For example, consider the following repeated/retransmitted message (in this example, spaces have been inserted between each letter for clarity):
felnowowld hejwoaprod gelqhwkbpy hprseworld hellbmorld hegloxlrhd hhllowerku htlkqwxsld
In the first column/position, we have 1 f, 1 g, and 6 h’s. Since “h” is the most common value for the first letter, we can guess that the first letter of the original message was most likely “h”. The second position has 5 e’s, 1 h, 1 p, and 1 t, so “e” is the most likely second character. Repeat this process for each position in the message copies. In this case, the original message turns out to be “helloworld”.

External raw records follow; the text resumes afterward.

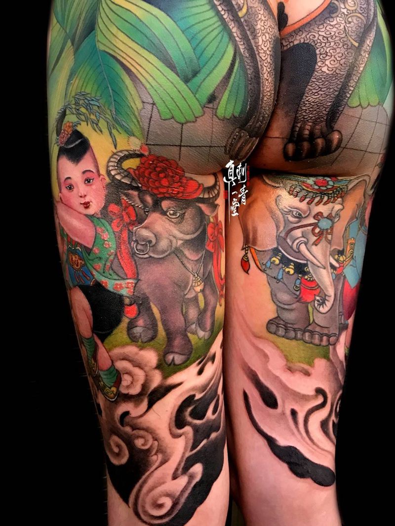 • T网红王老大花腿龙纹身图片_腿部新传统纹身图案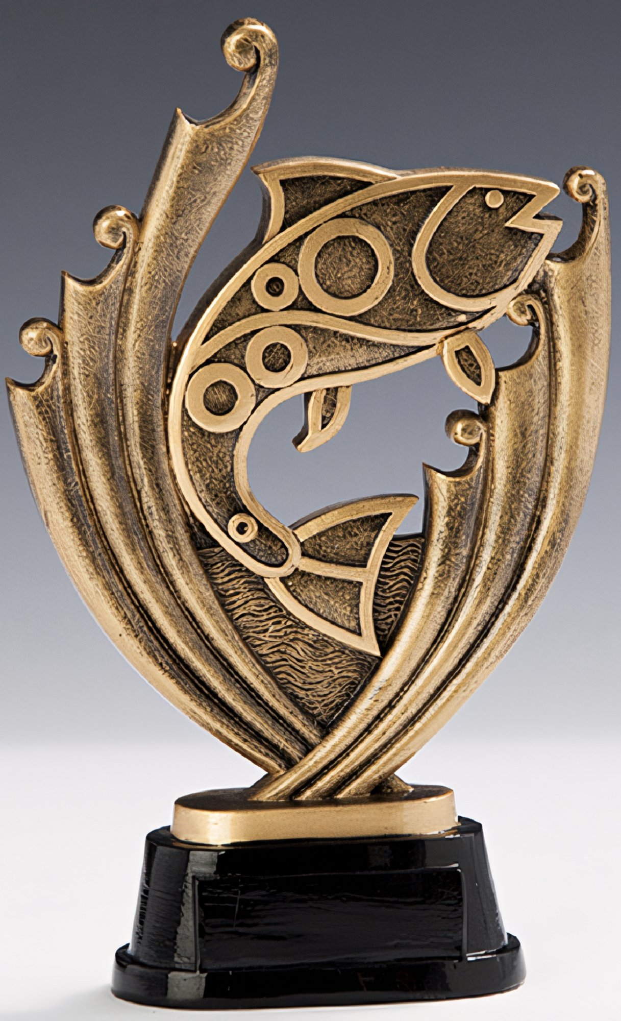 Trophäe in Gold mit einer Höhe von 22,4 cm. Individuelle Sockelbeschriftung auf Gravurplatte. Diese Trophäe ist speziell für folgende Zielgruppe/Sportart: Angeln.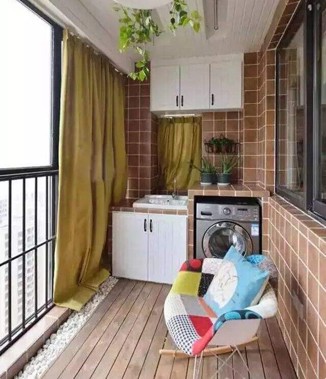 封闭式阳台:如果封闭式阳台并不打算做晾衣区域的,其实没必要给墙面贴瓷砖。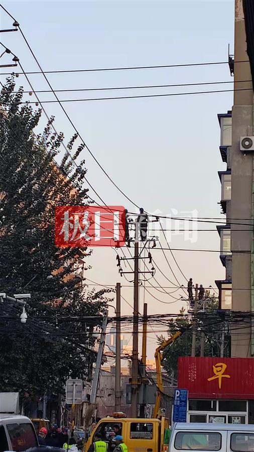 极目新闻记者在现场看到,电力部门工作人员正在电线杆上进行电路维修,事发地附近有不少发电机在运转,还有数辆大型的供电车停在附近。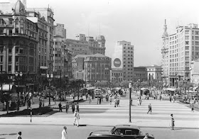 Logradouros de SÃO PAULO nos anos 50 com seus carrões (importados, é claro) e transeuntes "na estica".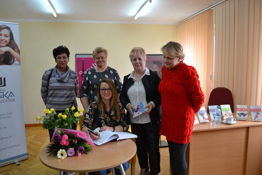 W połowie kwietnia 2019 roku w bibliotekach województwa świętokrzyskiego gościła lubiana pisarka powieści kryminalno-komediowych Olga Rudnicka. Swój pobyt w naszym regionie zaczęła od spotkania w M-GBP w Busku-Zdroju. Następnie, już w ramach programu Dyskusyjne Kluby Książki, spotkała się z czytelnikami w GBP w Klimontowie (11.04), a kolejnego dnia w M-GBP w Jędrzejowie i GBP w Pawłowie. Do Jędrzejowa przyjechały klubowiczki z Wodzisławia, a do Pawłowa zaprzyjaźniony Dyskusyjny Klub Książki z Bodzentyna.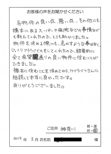 お引越しの原因は虫でした。ご相談をいただいた時はできるだけお引越しをしないで済むように虫駆除のアドバイスをさせていただきました。お引越しにはお金がかかりますからね。するとだんだん虫が出なくなって来たので、引越しをしなくてもいい状態になりましたが、「何かいい物件があったら教えてください。」ということで、いい物件をご紹介させていただきました。ご契約金が安くなるとい...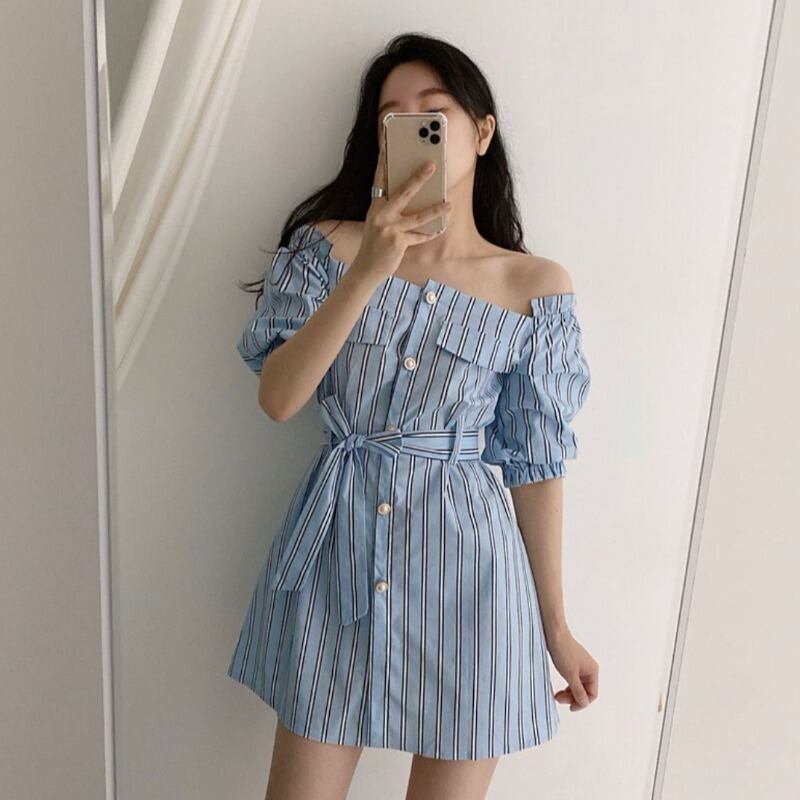 サマーロングスカート スタンダードカラーストライプウェストドレス レトロ 夏物 スクウェア ICC_レディース4118009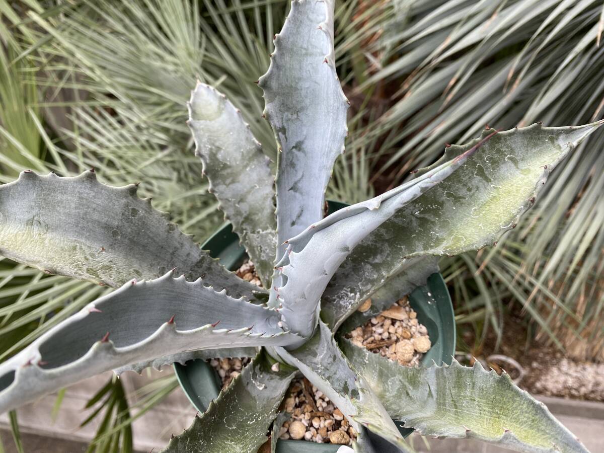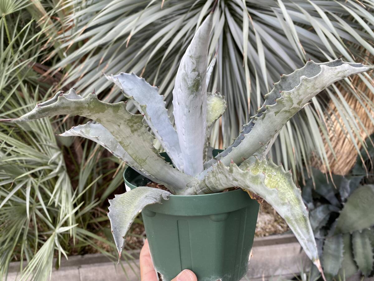 Agave americana var.protamericana 'Funky Toes'は、メキシコ北部の山で発見された品種で、Agave americanaとAgave asperrima(スカブラ)との間に偶発的に生まれた天然ハイブリッドです。非常に幅が広く白いウォーターマークある青緑色の葉をしており、成長と共に、それぞれの棘の間隔が広くねじれ曲がっていくのが特徴です。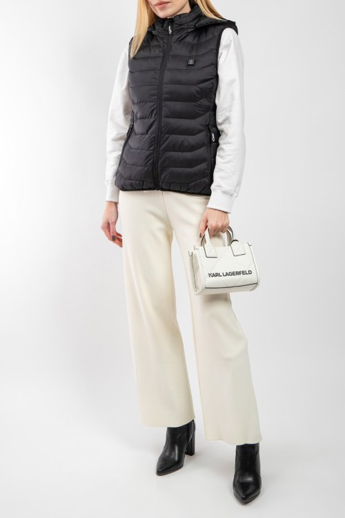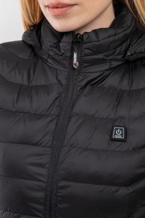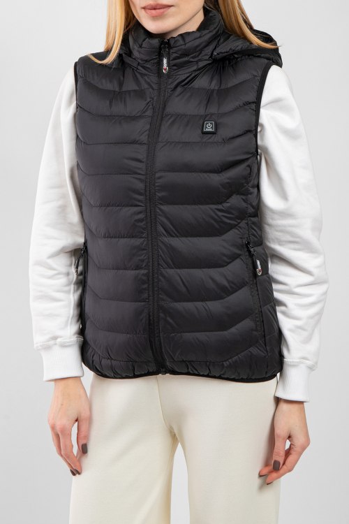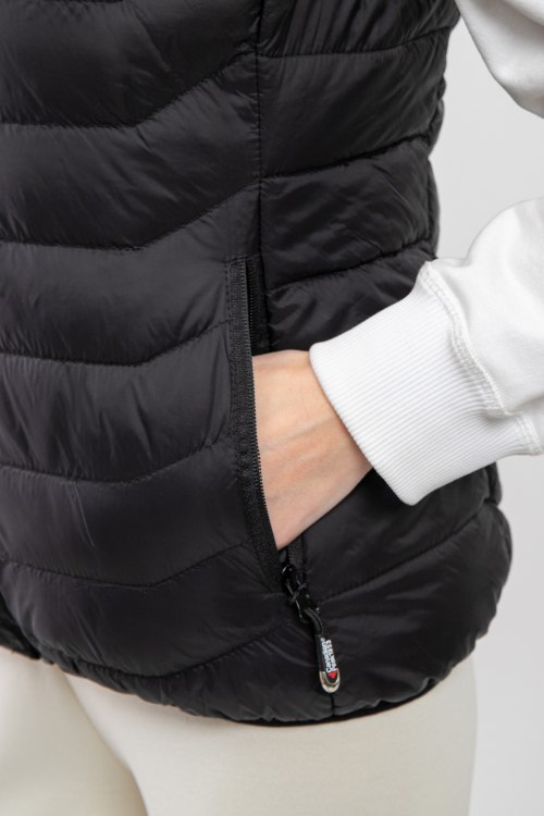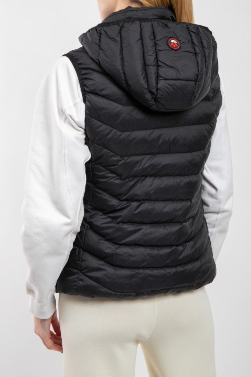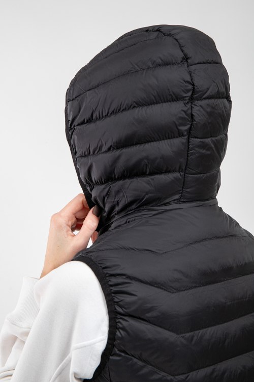 Женский черный жилет из полиамида от Сanadian Peak ( Канадиан Пик). Стеганый дизайн, застежка на молнию, прорезные карманы, съемный капюшон, патч-лого на груди, модель утепленная синтепухом.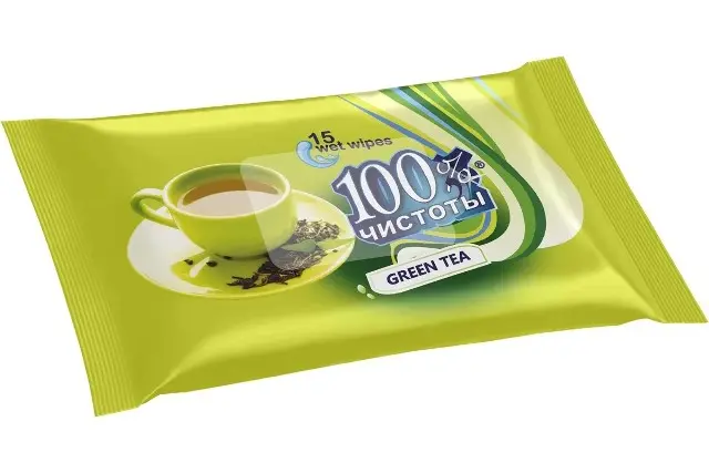 100% Чистоты Влажные салфетки (15шт) с ароматом Зеленого чая п/п.140 арт-2/1/15-1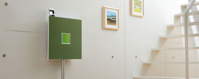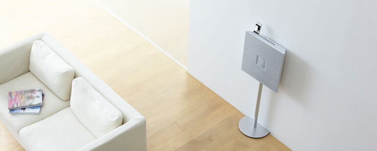 With a 9cm body and a half-moon shaped stand, you can position Restio right up against a wall. What’s more, the standalone style doesn’t require a shelf, so there are no restrictions on where you can put it. You can even remove the stand and hang it on a wall (requires an optional bracket AT-800). It’s the perfect way to match your music source to any room’s decor.

Complete the recover() function, which takes a list of equal-length strings as its single argument (each string ONLY contains lowercase letters). recover() returns a single string whose length is equal to that of any one of the source strings. This function works as follows:
1. Create a dictionary to hold the frequency of each letter (you can either pre-populate this with all 26 letters, or just create an empty dictionary and use setdefault() to add new letters as you find them).
2. Create a variable to hold the recovered string (this will initially be the empty string).
3. For each index value:
(a) Examine the letter at that index in each source string. Update the dictionary’s count for that letter (i.e., if you see “b”, add 1 to the integer value associated with the key “b” in your dictionary).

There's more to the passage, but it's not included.